In deze ervaring ligt meteen de bron van mijn maatschappelijk engagement. Het is onvermijdelijk, ik kan niet anders. Ik heb dat engagement voor mezelf heel eenvoudig samengevat: “Liefde is ... er zijn”. “Er zijn” voor mijn gezin en familie; “er zijn” voor mijn team en collega’s op het werk, “er zijn” voor de kapelgemeenschap van Filosofenfontein. “Er zijn” voor de mens van de eerstvolgende ontmoeting. Mijn talenten ontwikkelen en ten dienste stellen van wie op mij een beroep doet. En verder de Geest aan het werk laten en ruimte geven in mijn leven.Een tweede zin die mij bijzonder raakt is : Gij die vreugde vindt in mensen
Wij zijn Gods grootste vreugde en ons gelukkig zien is zijn grootste wens. Heel vaak richten wij ons in nood tot God, en roepen we met Petrus in de storm op het meer: Heer redt mij! Maar laat ons ook heel opmerkzaam en dankbaar zijn voor alle momenten waarop God ons, van uit een intense liefdesrelatie overlaadt met attenties en alle goeds. Hij zorgt Hij voor ons voor de bloemen langs de weg. Ik eindig met een derde citaat: Gedenk uw mensen dat zij niet vergeefs geboren zijn.

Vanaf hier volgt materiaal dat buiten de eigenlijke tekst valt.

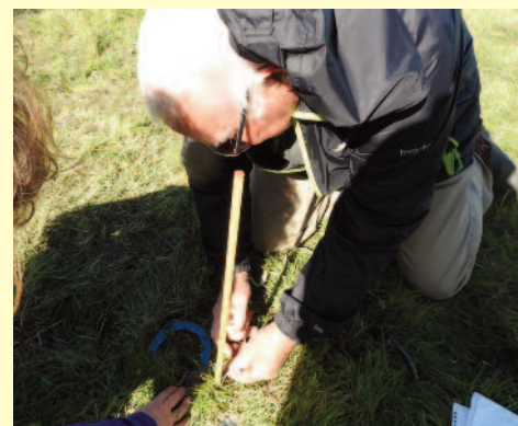
Getting the measurements correct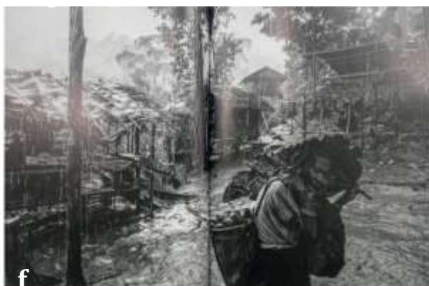
Figure 6 (a) Taking a short break during swiddling of the land; (b) A family farming the swiddled land with the aid of a carabao, 2017; (c) A man climbing a rock wall, 2017; (d) Men climbing the steep rock wall while hunting; (e) Children playing; (f) An old woman caught in heavy rain using a leaf as an umbrella.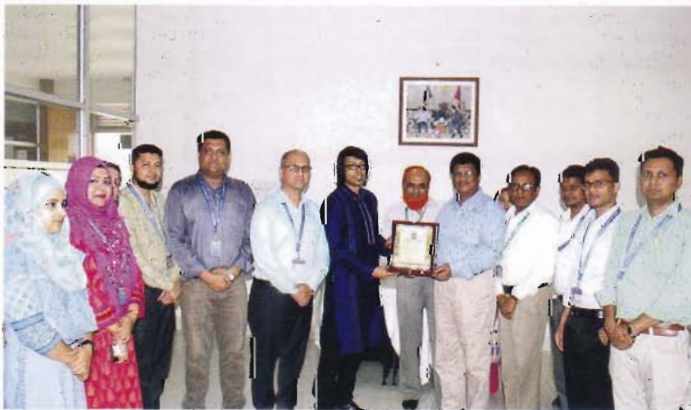
The keynote speaker receiving crest from the Chairman, BoT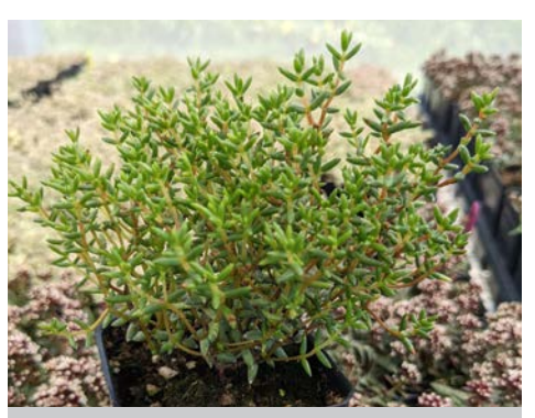
Jade, Fickle Pickles

A fantastic grower whether grown indoors in a container or outside as a tree. When grown in direct sun, the round leaves flush red at the edges. Produces clusters of starry white flowers.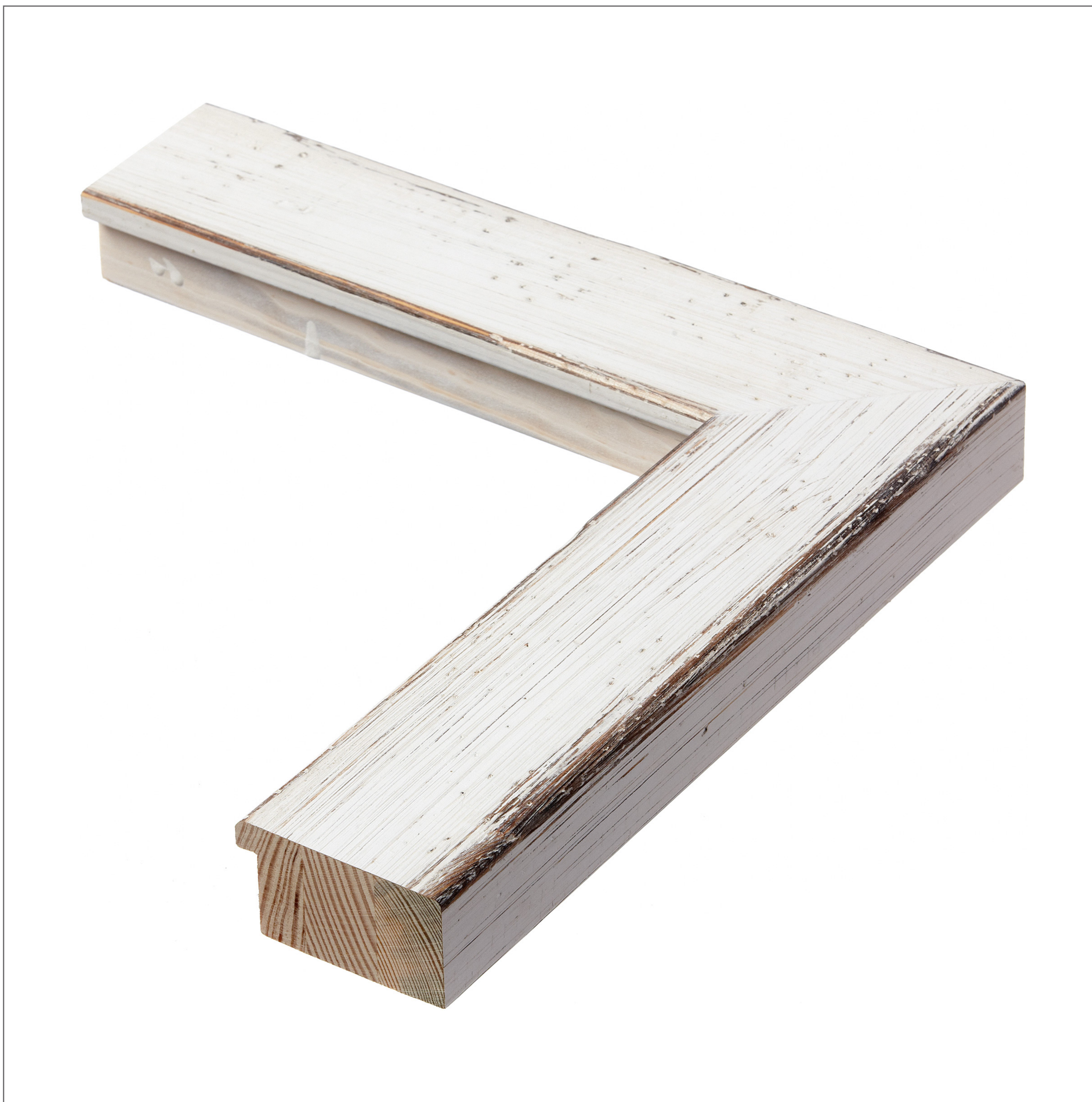
3D - Top Perspective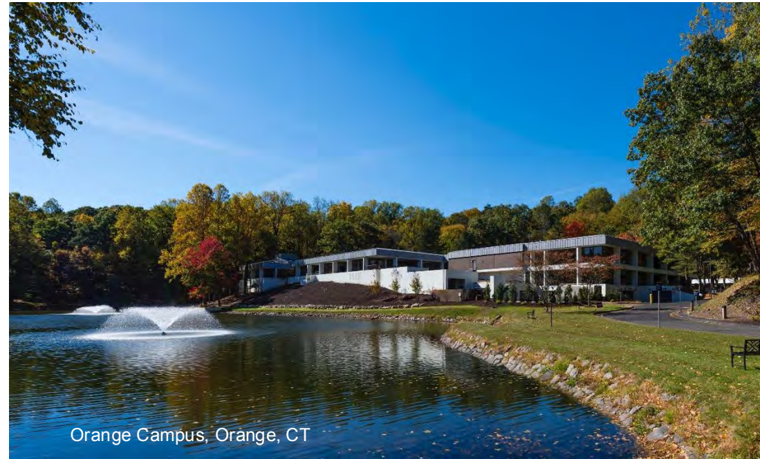
Orange Campus, Orange, CT

We have partnered with local, state, and federal agencies in an effort to enhance our students safety while traveling abroad.

Kan je het je als boodschap tot een mens voorstellen: jij bent vergeefs geboren, je leven heeft tot niets gediend of dient tot niets. Zelfs je “zijn” heeft tot niets of niemand gediend. Niemand die liefdevol om jou geeft of gegeven heeft of aan wie jij liefde hebt kunnen geven. Dan berust alle hoop alleen nog op God.
Je zal in deze tijden maar geboren worden in Gaza, in Afghanistan, in een uitzichtloze, kansloze situatie.

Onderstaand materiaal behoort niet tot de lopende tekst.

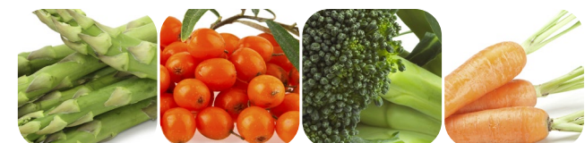
Asparagus Sea buckthorn Broccoli Carrot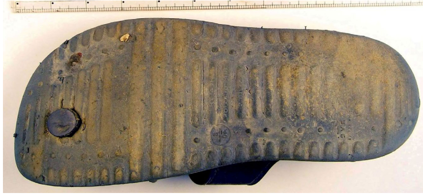
Figure 2 : Footwear of the accused (reverse side)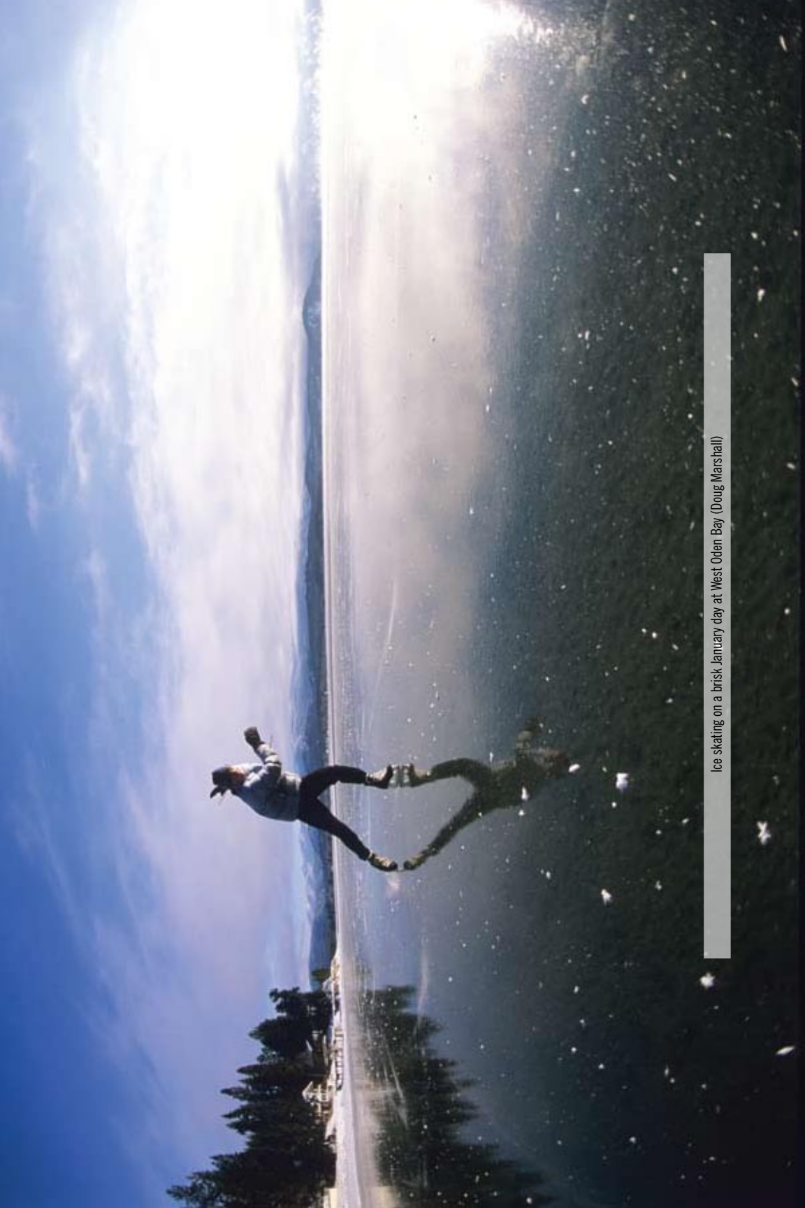
Ice skating on a brisk January day at West Oden Bay (Doug Marshall)

Dan kunnen we alleen maar alles in Gods handen leggen. Maar tegelijk lees ik hierin ook weer een oproep naar onszelf: dat wij met elkaar verbonden blijven, dat wij voor elkaar zorgen, dat wij elkaar behoeden.
Vanuit deze ervaringen heb ik als evangelie de tekst uit Johannes gekozen over de wijnstok en de ranken. Jezus is de ware wijnstok. En met de metafoor van de wijngaardenier, de wijnstok en de ranken wil Johannes aangeven dat God, Jezus en de mensen bij elkaar horen, in een intense verbondenheid.
We luisteren naar de tekst van Johannes.
Evangelie: Johannes 15, 1 -8 - De wijnstok en de ranken
Toelichting bij het lied “Gehoord van mensen”
Uit de vele Oosterhuisliederen die mij dierbaar zijn, koos ik het lied “Gehoord van mensen”. Het is een lied waarin Oosterhuis zowat alle ingrediënten samenbrengt die mijn persoonlijke geloven inkleuren: het zien en beroerd worden door het leed van mensen, de roep om gerechtigheid, het bewogen zijn van onze god en het visioen van gerechtigheid dat wordt aangezegd.
Laten we de eerste strofe zingen waarin dat alles gebald aan bod komt.
Zang lied “Gehoord van mensen” (564) strofe 1
In elke strofe voel ik drie bewegingen
Elke strofe opent in een eerste beweging met het oproepen van het leed van mensen. Oosterhuis duwt ons met de neus op de realiteit hoe hard en onrechtvaardig het leven voor veel mensen is. Hij hanteert daarbij zulke beelden en zulke taal dat dat leed universeel is en tegelijk toch de ruimte biedt waarin elke zingende/biddende mens in steeds andere situaties ook concrete mensen kan herkennen.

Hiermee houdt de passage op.